– Что это значит? – спросил Жемчужников.
– Плевритис.
Обмытый, убранный Павел Андреевич Федотов лежал на столе в черном мундире без эполет. Такой мундир носили офицеры в отставке в торжественных случаях. Офицерская изношенная шинель лежала на кровати.
Капитан Федотов умер; картины, проданные и раздаренные, растерянные рисунки, собранные по частным коллекциям, взаперти дожидались своего срока.
В больнице остались носильные вещи, в академии – деньги. Три раза появилось объявление в «Санкт-Петербургских ведомостях»: «Императорской Академии художеств академик, отставной лейб-гвардии Финляндского полка капитан Павел Андреевич Федотов 14 числа ноября прошлого, 1852 года волею божьей умер, и как после Федотова остались некоторые вещи и деньги из производившегося ему от казны содержания, то Академия на основании 1023 ст. X тома свод. зак., объявляя о сем, вызывает наследников г. Федотова, с тем чтобы они явились в Академию в назначенный ст. 1023 X тома свод. зак. срок с законными и формально юридически засвидетельствованными доказательствами о праве на наследование после покойного имущества».
После покойного Павла Андреевича Федотова остались отец Андрей Илларионович Федотов – титулярный советник в отставке восьмидесяти трех лет, сестра Любовь Андреевна Вишневская – вдова, при ней дети – сын шести и дочь трех лет и старшая сестра от первого брака отца; все они устроены в городе Ростове очень бедно.
Постройка заканчивается
Больной, измученный нуждой, Иванов не вынес грубого прикосновения царской дворни и – умер…
Чего же церемониться с живописцем, что такое живописец?[62]
Последние числа мая 1858 года.

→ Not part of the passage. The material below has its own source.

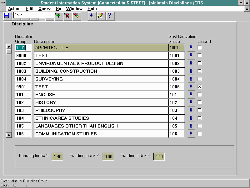 This form is used to record and maintain the set of institution defined discipline groups covering the courses offered by the institution. These are comparable to Government discipline groups (STAF1128) but provide for greater flexibility by permitting classification at a more detailed level and the use of discipline group names specific to the institution. Government discipline groups have unique codes to group units of study into like disciplines within branches of learning. Each institution defined discipline group must be mapped to a Government discipline group. More than one institution defined discipline group can be mapped to the same Government discipline group. |

Дует ветер.
Петербургский день – не то знойный, не то холодный.
Из собора идет пар; кажется, что огромное здание дышит.
По лестнице собора поднимается человек в мундирном фраке, держа шляпу в руке. Он небольшого роста, плечист, крепконог, но явно не привык к фраку и белому жилету. У человека широкий лоб, усталые глаза, нежные щеки, приятно сложенные губы, седеющие волосы и небольшая густая борода; он тревожен.
Исаакий, несмотря на солнечный день, внутри темен, пятна окон лежат и теряются на мраморном полу, как небольшие куски золотой парчи. Народу немного. На клиросах поет хор. Возглашает что-то священник, отвечает дьякон. Звуки плывут по цветным мраморным стенам и сливаются в гул.
Человек во фраке посмотрел вверх; там пестро, но не ярко выделялось кольцо огромного плафона, похожего на шелковую нарядную юбку или хвост павлина. Зеленые малахитовые колонны с золотыми капителями украшали снежно-белый иконостас; над иконостасом на коленях стояли густо вызолоченные ангелы с начисто срезанными лицами; на лицах мозаикой были изображены плоские лики. Большой хор пел негромко. Человек во фраке слушал, не молясь.
Священник в золотой ризе вышел на мраморную, еще не истоптанную ногами солею и стал как сноп на снежном поле. Читали ектенью о плавающих, путешествующих, ждущих великия и богатыя милости.
Александр Иванов вышел через огромные двери на улицу. Прямо перед ним выросло желто-белое Адмиралтейство.
Столица гремела колесами ломовиков, шумела русским говором.
Человек шел, вслушиваясь, улыбаясь; обошел Адмиралтейство, вышел к мосту. Направо, на площади, розовела колонна, увенчанная ангелом. Нева наполнена водой почти до краев; серый деревянный мост крут; Зимний дворец невысоко стоит над каменным бортом набережной. Там, налево за мостом, сереет здание Академии художеств и за ним новый каменный мост.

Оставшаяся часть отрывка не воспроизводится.